We have characterized the DNA region which lies downstream of the agl genes and found several open reading frames which appear to encode enzymes involved in oxidation-reduction reactions. Although only the agl genes, located in the central 7 kb of the approximately 20 kb found in all the cosmids isolated in this work, were shown to be required for α-glucoside utilization, the zwf and edd genes are proposed to be involved in metabolism of the monosaccharides produced after cleavage of sucrose, trehalose, and maltose. zwf and edd are the first examples of Entner-Doudoroff genes cloned from Rhizobium, Sinorhizobium, Bradyrhizobium, or Azorhizobium. The substrates for the products of pgl and ordL are unknown.
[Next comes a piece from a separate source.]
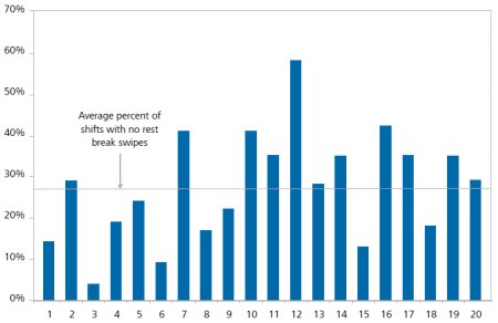 Figure 8. Percent Of Shifts With No Rest Break Swipes By Factory

The presence of two copies of RIME1 in this region is intriguing. No one knows the function or origin of RIME1, but it could represent leftover termini from transposition or cross-species lateral transfer events. The inverted repeats of RIME could act as a binding site for a regulatory protein. If RIME1 is able to form hairpins, and these hairpins act as transcriptional terminators, it is possible that premature termination could occur at RIME1, leading to an abundance of truncated transcript containing only aglE and a paucity of full-length transcripts. This hypothesis is interesting because it has been shown that E. coli periplasmic substrate binding proteins such as MalE are approximately 30 times as numerous in the cell as their cognate integral membrane permeases (10). This disparity is thought to reflect transcriptional differences, and a REP repeat element found between malE and malF is believed to be involved. Alternatively, the difference could be accounted for by differences in ribosome binding site strength. As more genomes are sequenced, several repeat elements and mosaic elements will undoubtedly be found and may prove useful as tools for taxonomic studies.

Because S. meliloti mutants disrupted in agl genes encoding the putative transport system are severely affected in their growth on α-glucosides, it appears that aglEFGK encode the major system for transport of these sugars. These results are consistent with the report that S. meliloti uses the same uptake system to transport sucrose, maltose, and trehalose (30). Identification of the sucrose utilization system encoded by the agl genes should help to make it possible to screen for mutants defective in sucrose utilization and thus evaluate the importance of sucrose metabolism during the nodulation process. Indeed, preliminary results indicate that it is possible to isolate mutants of either aglA or aglE strains that are unable to metabolize the α-glucosides sucrose, maltose, and trehalose.

ACKNOWLEDGMENTS

This work was supported by a National Institutes of Health grant GM31030 awarded to G.C.W.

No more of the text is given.